🤖 AI Summary
This work addresses the challenge that existing models struggle to predict intra-word morphological boundaries in automatic morpheme-level glossing, resulting in outputs that lack interpretability and hinder adoption by linguists. To overcome this limitation, we propose PolyGloss—a multilingual sequence-to-sequence model that jointly models morphological segmentation and per-morpheme glossing for the first time within a neural framework, simultaneously predicting morpheme boundaries and their semantic annotations directly from raw text. By integrating an expanded GlossLM training corpus with low-rank adaptation (LoRA), PolyGloss not only surpasses GlossLM in glossing performance but also significantly outperforms existing open-source large language models in segmentation accuracy, task alignment, and cross-lingual transfer capability, thereby enhancing the practicality and reliability of linguistic documentation workflows.
📝 Abstract
Automated interlinear gloss prediction with neural networks is a promising approach to accelerate language documentation efforts. However, while state-of-the-art models like GlossLM achieve high scores on glossing benchmarks, user studies with linguists have found critical barriers to the usefulness of such models in real-world scenarios.
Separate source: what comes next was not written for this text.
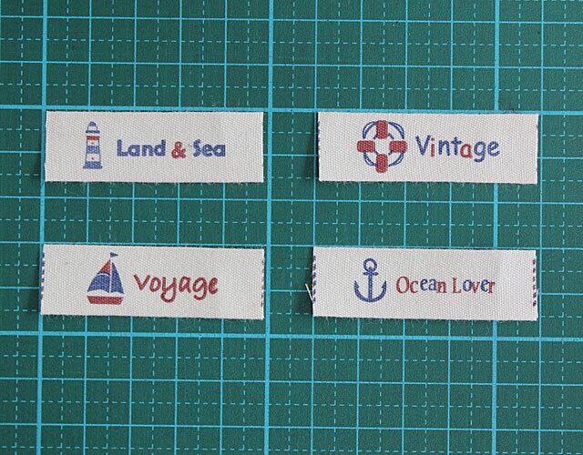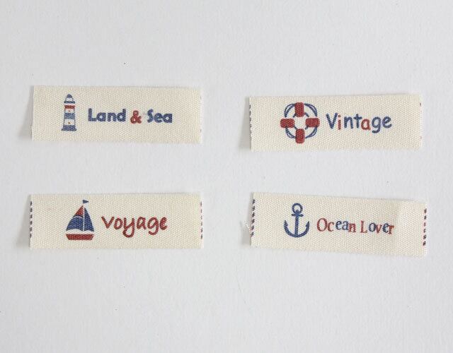 【約2ヤード(182cm)】タグ約38個 コットン タグ テープ [1.5cm幅] sgy-988-a-2y(手芸用パーツ ワンポイント 布タグ タグテープ 手芸材料 パーツ 副資材 ハンドメイド handmade マリーン 海 船 いかり 灯台 ワンポイント 布タグ)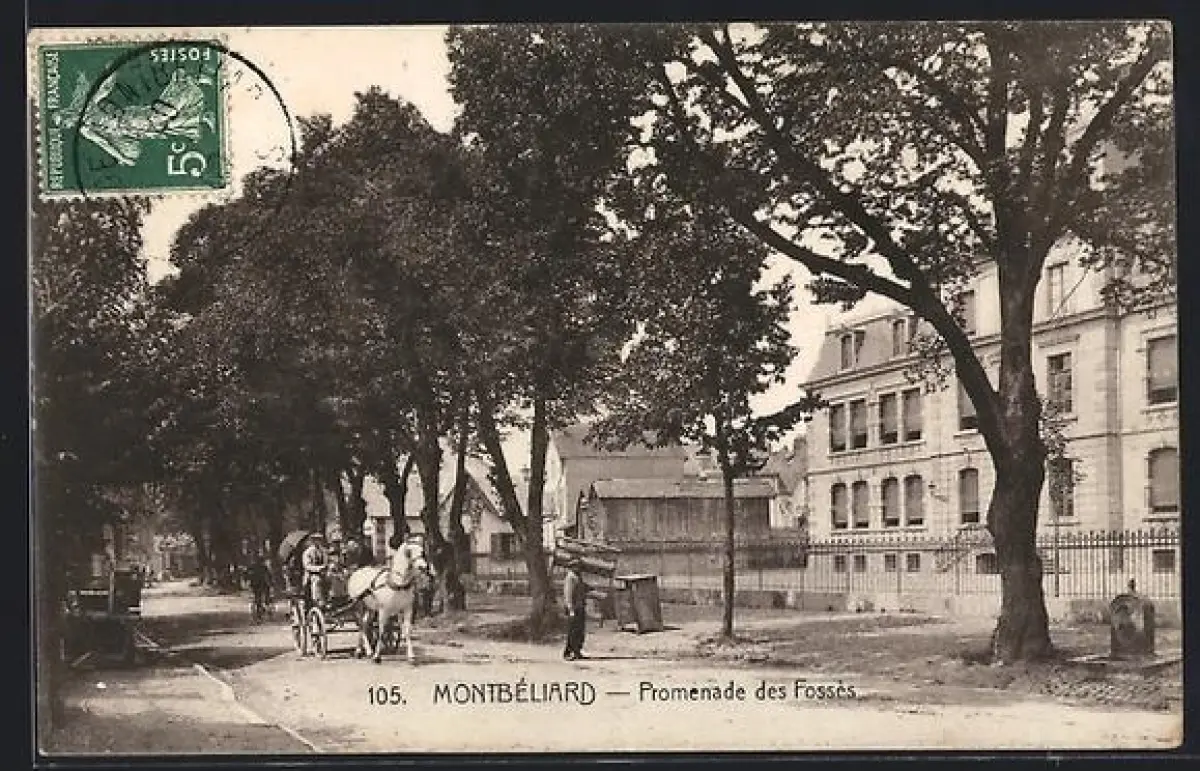AK Montbéliard, Promenade des Fossés avec charrette et arbres ombragés

In particular, existing models typically generate morpheme-level glosses but assign them to whole words without predicting the actual morpheme boundaries, making the predictions less interpretable and thus untrustworthy to human annotators. We conduct the first study on neural models that jointly predict interlinear glosses and the corresponding morphological segmentation from raw text. We run experiments to determine the optimal way to train models that balance segmentation and glossing accuracy, as well as the alignment between the two tasks. We extend the training corpus of GlossLM and pretrain PolyGloss, a family of seq2seq multilingual models for joint segmentation and glossing that outperforms GlossLM on glossing and beats various open-source LLMs on segmentation, glossing, and alignment. In addition, we demonstrate that PolyGloss can be quickly adapted to a new dataset via low-rank adaptation.